Durante tres meses el despliegue del Ejército de paramilitares creado por el régimen de Daniel Ortega había cumplido con su papel de reprimir las protestas sembrando el miedo para forzar a la población a quedarse en casa a partir de las 4 de la tarde, so pena de perder la vida. En la última semana la represión se intensificó. Ortega quería zanjar la insurrección antes del 39 aniversario de la revolución que celebrará el jueves, sin dar tiempo a la Organización de Estados Americanos (OEA) a ponerse de acuerdo en medidas punitivas contra su Gobierno.

LA CLAVE

Los escuadrones de la muerte actuaban ya con plena impunidad a la luz del día en las vías más concurridas, custodiados por la Policía, también enmascarada, que se encargaba de que nadie se metiera con ellos mientras completaban sus acciones sanguinarias a la vista de todos. Rodeados de gente y de coches parados en el semáforo, los agentes empuñaba desafiantes sus AK-47 y te miraban a los ojos a través de sus pasamontañas, forzando a mirar para el otro lado y seguir camino como si no hubiera cadáver en el suelo.

El Gobierno negó el acceso a ambulancias y desoyó los intentos de los obispos para un alto el fuego «¡Por favor ayúdennos! ¡Salimos a luchar por nuestra patria, no nos dejen morir»

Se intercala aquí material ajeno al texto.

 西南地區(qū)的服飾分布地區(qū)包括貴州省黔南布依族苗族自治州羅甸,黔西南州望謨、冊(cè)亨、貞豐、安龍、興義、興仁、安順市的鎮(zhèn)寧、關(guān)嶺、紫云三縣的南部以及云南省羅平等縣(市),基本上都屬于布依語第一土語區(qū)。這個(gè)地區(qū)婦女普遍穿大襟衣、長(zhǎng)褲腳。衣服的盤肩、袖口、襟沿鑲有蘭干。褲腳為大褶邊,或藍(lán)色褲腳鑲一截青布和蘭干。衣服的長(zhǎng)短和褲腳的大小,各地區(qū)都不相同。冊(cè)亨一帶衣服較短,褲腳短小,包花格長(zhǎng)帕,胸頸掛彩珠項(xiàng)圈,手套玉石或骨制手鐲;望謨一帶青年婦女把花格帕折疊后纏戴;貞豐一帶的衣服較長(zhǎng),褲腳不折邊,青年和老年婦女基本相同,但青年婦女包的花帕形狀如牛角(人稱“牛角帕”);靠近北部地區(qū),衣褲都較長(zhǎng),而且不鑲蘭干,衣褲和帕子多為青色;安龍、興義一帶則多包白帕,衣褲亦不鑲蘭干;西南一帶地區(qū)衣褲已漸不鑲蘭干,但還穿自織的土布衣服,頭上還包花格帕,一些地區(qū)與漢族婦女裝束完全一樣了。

Ese miedo mantuvo paralizada a todo Managua el viernes por la tarde mientras los chavales llamaban desesperados a las embajadas de todo el mundo rogándoles que intercedieran por sus vidas. «¡Que paren esta masacre, por el amor de Dios», le suplicaba por Twitter el obispo auxiliar de Managua Silvio Baez al secretario general de la OEA.

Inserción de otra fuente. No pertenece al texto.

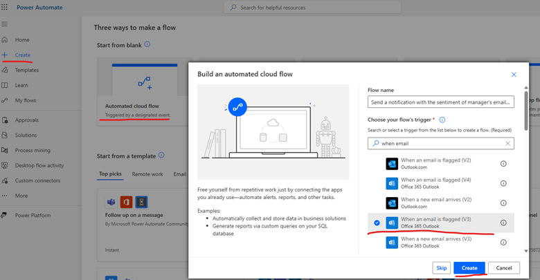- Click on Create > Automated cloud flow.

Todo era inútil. Los paramilitares, bien armados y con botas nuevas, algunos con acento cubano y venezolano, según los estudiantes, coordinaron con eficacia marcial la toma de la Universidad Nacional Autónoma de Nicaragua (UNAN), la última en resistir desde que se iniciaron las protestas del 18 de abril, en respuesta a las medidas de austeridad que encendieron la mecha del descontento. Desde las barricadas, seguían gritando, «¡Por favor ayúdennos! ¡Salimos a luchar por nuestra patria, ayúdennos! ¡Sólo el pueblo puede ayudar al pueblo, no nos dejen morir!».

Retenes a punta de fusil

Los que nos atrevimos a salir en la oscuridad de la noche encontramos las calles desiertas con retenes policiales que, a punta de fusil, bloqueaban el tráfico y te obligaban a volver a casa sin mediar palabra. Todos entendíamos el lenguaje de los rifles, excepto el padre Raúl Zamora. En esas horas en que sólo se oían tiros y explosiones de mortero en el centro de Managua, su camioneta rescató a más de un centenar de estudiantes que huían de la Universidad y le abrió las puertas de su parroquia, la Divina Misericordia. Un nombre providencial para quienes estaban a las puertas del infierno.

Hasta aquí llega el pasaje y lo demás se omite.